1- You can use traditional panel (fixed effect, random effects,or pooled OLS), depend on the results of Brouse Began LM test and Hausman Test.
2- If your data suffering from any problem(your data up-normal, suffering from serial correlation, Suffering from hetroskedasticity, Multicolinerity ), you can run GLS or GMM.
Since you've asked for recommendations on literature, here are some books and articles that might help you:
Brambor, T., Clark, W. R., and Golder, M. (2006). Understanding interaction models: Improving empirical analyses. Political Analysis, 14(1):63–82.
Hainmueller, J., Mummolo, J., and Xu, Y. (2019). How much should we trust estimates from multiplicative interaction models? simple tools to improve empirical practice. Political Analysis, 27(2):163–192.
Lohmann, H. (2015). Non-linear and non-additive effects in linear regression. In Best, H. and Wolf, C., editors, The SAGE Handbook of Regression Analysis and Causal Inference, pages 111–132. Sage Publications, London.
Kam, C. and Franzese, R. J. (2007). Modeling and Interpreting Interactive Hypotheses in Regression Analysis. University of Michigan Press, Ann Arbor.
If you're using Stata for estimating your models, you can install the interactplot.ado file that I've written by typing ssc install interactplot. This file helps you in conveniently creating publication-style plots that display the multiplicative relationship in your model.

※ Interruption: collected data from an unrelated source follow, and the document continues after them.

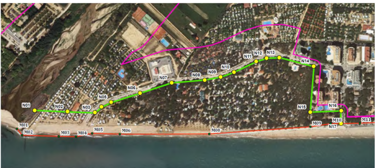
Figura 8. Deslinde vigente (en rojo) y delimitación propuesta en el estudio redactado por Tragsatec en diciembre de 2019 (en verde) con su correspondiente servidumbre de protección (en rosa).

Por tanto, de acuerdo con lo estipulado en la Normativa de Costas, en el tramo de unos 1140 m comprendido entre los vértices M-1 a M-11 del deslinde aprobado por Orden Ministerial de 5 de diciembre de 1969 procede establecer una anchura de la servidumbre de protección de 100 metros entre los vértices de la delimitación propuesta N-1 y N-13 (aproximadamente a 35 metros de este), siendo en el resto del tramo de 20 metros.
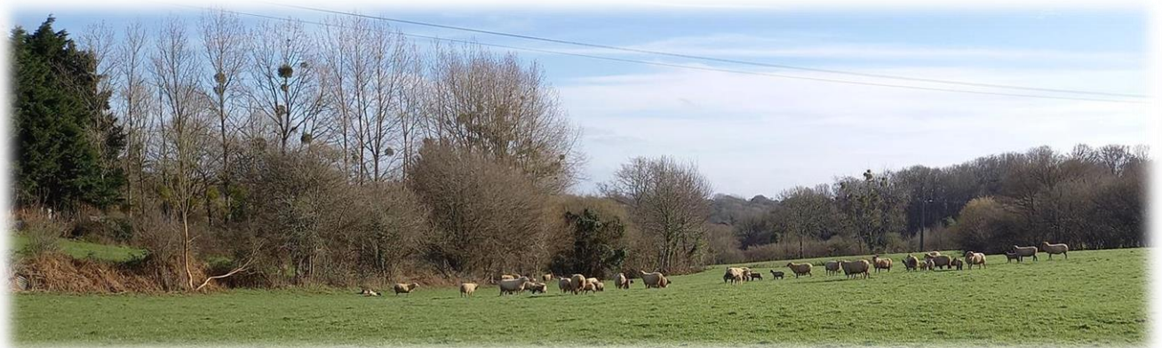
Voilà un beau troupeau de moutons et nombreux agneaux ... pascal ?
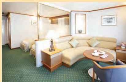
スイート A(1005~1018) B(1019 1020)

定員2名(35㎡ 10階、バストイレ・バルコニー付) ※ブルーレイプレーヤー付 ※スイートBは、救命ポートによりベランダの眺望が妨げられます。
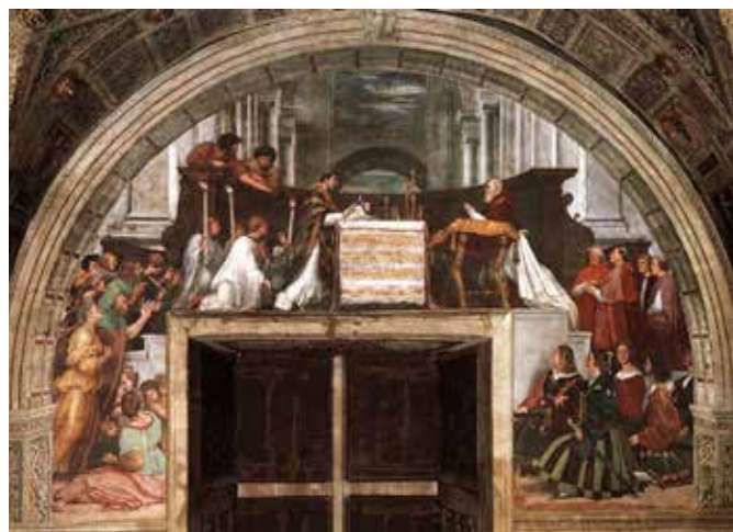
Raffaello SANZIO, la Messa di Bolsena , 1512-14, Musei Vaticani, Palazzi Apostolici, Stanze di Raffaello, Stanza di Eliodoro, Musei Vaticani.
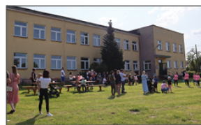
Piknik Rodzinny z KGW Aleksandrowianki

Wystąpiły dzieci i młodzież z GOK. Dla dzieci zorganizowane zostały gry i zabawy z animatorem, wata cukrowa, kielbaski i słodki stół i inne atrakcje.
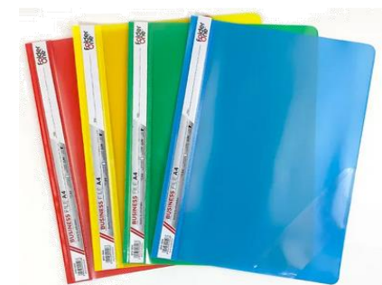
Contoh map snail hecter

Ketentuan warna map: Jalur penerimaan Zonasi (merah) , Afirmasi (biru) , Pindah Tugas Ortu. (hijau) , dan prestasi (kuning) .
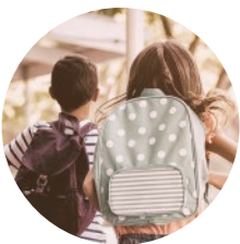
Schule & Bildung
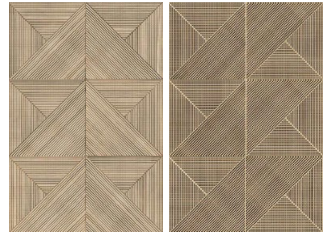
Luthier Decor BE 60x60 / 24x24"
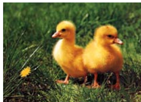
Autor textu a fotografie : T. Bieliková

husi. Starká ich na jeseň vykrmovala kukuricou. Dve z nich sme zjedli na hody a postupne ďalšie. Na plemä nechala starká jedného gunára a dve husi, aby mala na ďalšiu jar väčší krdeľ.
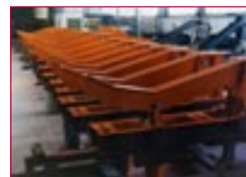
1980: Auswerfer für Rohre – ejector for tubes
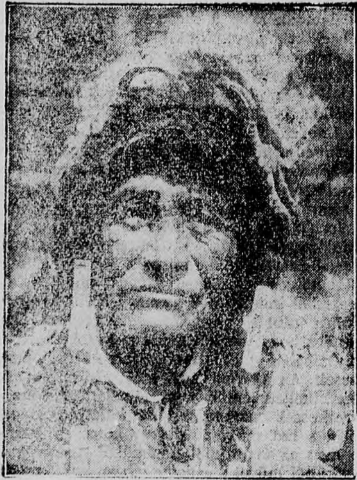
EGY INDIÁN TÜRZSFŐNÖK, AKI MOST LÁTOGATÓBA ÉRKEZETT PÁRIZSBA
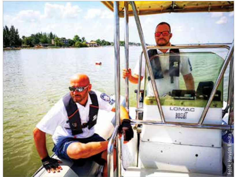
A gárdonyi vízi rendőrök tapasztalt szakemberek, akik jól ismerik a Velencei-tavat

A rendőrök folyamatosan járőröznek a nyári szezonban, hogy ha szükséges, segíteni tudjanak. Három hajóval látják el a tizenkét órás szolgálatot és az éjszakai készenléteket. Mindhárom motorcsónak más-más típusú, egyikkel például fürdőzőkhöz, másikkal csónakhoz, a harmadikkal pedig vitorlás mentéséhez sietnek.
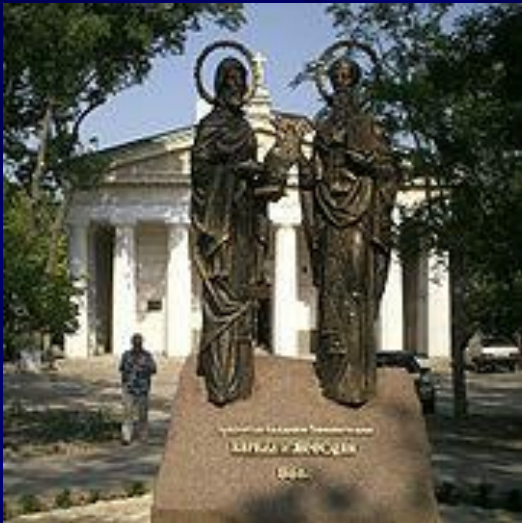
Памятник Кириллу и Мефодию в Севастополе

До пострижения в монахи братьев звали Константин и Михаил. Они были очень образованными людьми. Святые Кирилл и Мефодий своей проповедью много способствовали утверждению христианства в Болгарии, где находились примерно с 850 года. Из Болгарии христианская вера распространилась в соседнюю с ней Сербию.
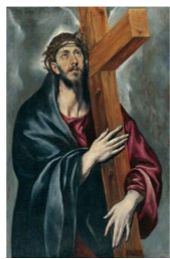
Cristo con la Cruz - DOMÉNIKOS THEOTOKÓPOULOS (EL GRECO) Sala 32
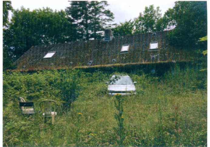
Nørre Fogedgaard fotograferet i juli 2019, da jeg var i Løjt. Et trist syn.
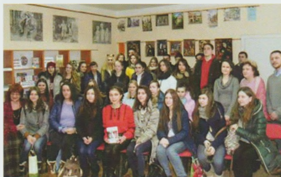
Презентація книги "Не зрадь!". Закарпатська ОДЮБ

До Дня захисника України і Дня українського козацтва в бібліотеках-філіях Рахівської ЦБС та у Воловецькій районній бібліотеці успішно від-
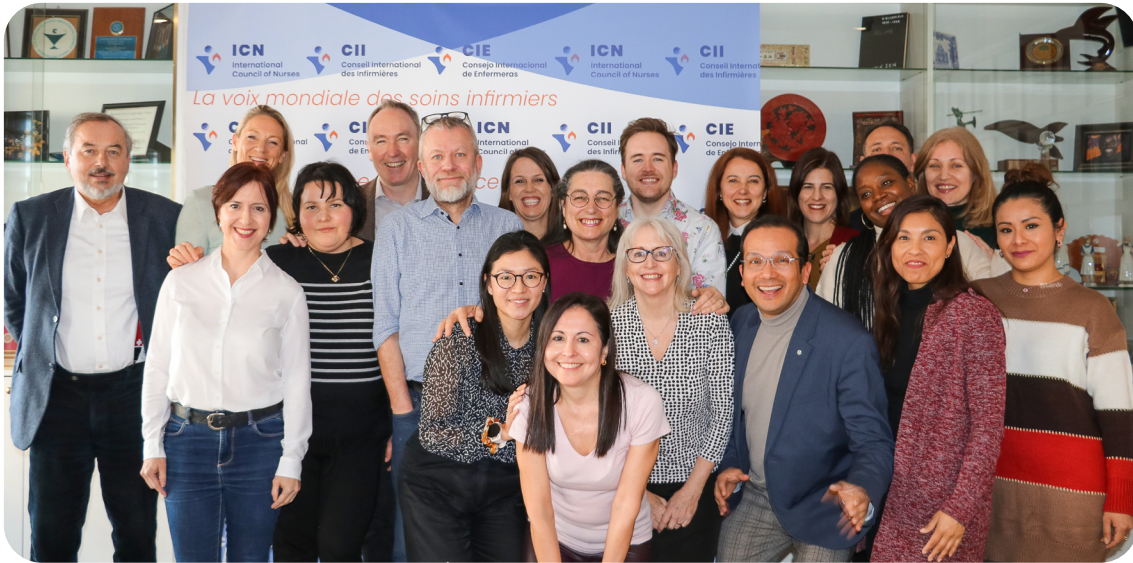
Le personnel du CII: une petite équipe passionnée et dévouée.

I also made sure that the command can handle time-series commands and operators.
Edit: Since you've pointed out that your data has the following characteristics “N>T; N= 46 and T=5”, I also want you to be aware of the following seminal paper by Stephen Nickell, which is commonly referred to as the “Nickell-bias”-paper.
Nickell, S. (1981). Biases in dynamic models with fixed effects. Econometrica, 49(6):1417–1426.
If the model is linear, the interaction between two right-hand-side variables can be estimated directly by creating the interaction and plug it in the equation. In principle, no special issue applies here.
If the model is nonlinear (e.g., logit), then you need to be more careful and use some special package to carry out the estimation. See, e.g.,
Williams, R. (2012). Using the margins command to estimate and interpret adjusted predictions and marginal effects. The Stata Journal, 12(2), 308-331. Karaca-Mandic, P., Norton, E. C., and Dowd, B. Interaction Terms in Nonlinear Models. Health Service Research, 47(1), 255-274. Greene, W. (2010). Testing hypotheses about interaction terms in nonlinear models. Economics Letters, 107, 291–296. Hoetker, G. (2007). The Use of Logit and Probit Models in Strategic Management Research: Critical Issues. Strategic Management Journal. (28),4, pp. 331-343
Overall, it is more convenient to employ linear models if you privilege consistency over efficiency (less demanding requisites), even if the variable is, for instance, binary. It also makes easier to apply fixed-effects techniques.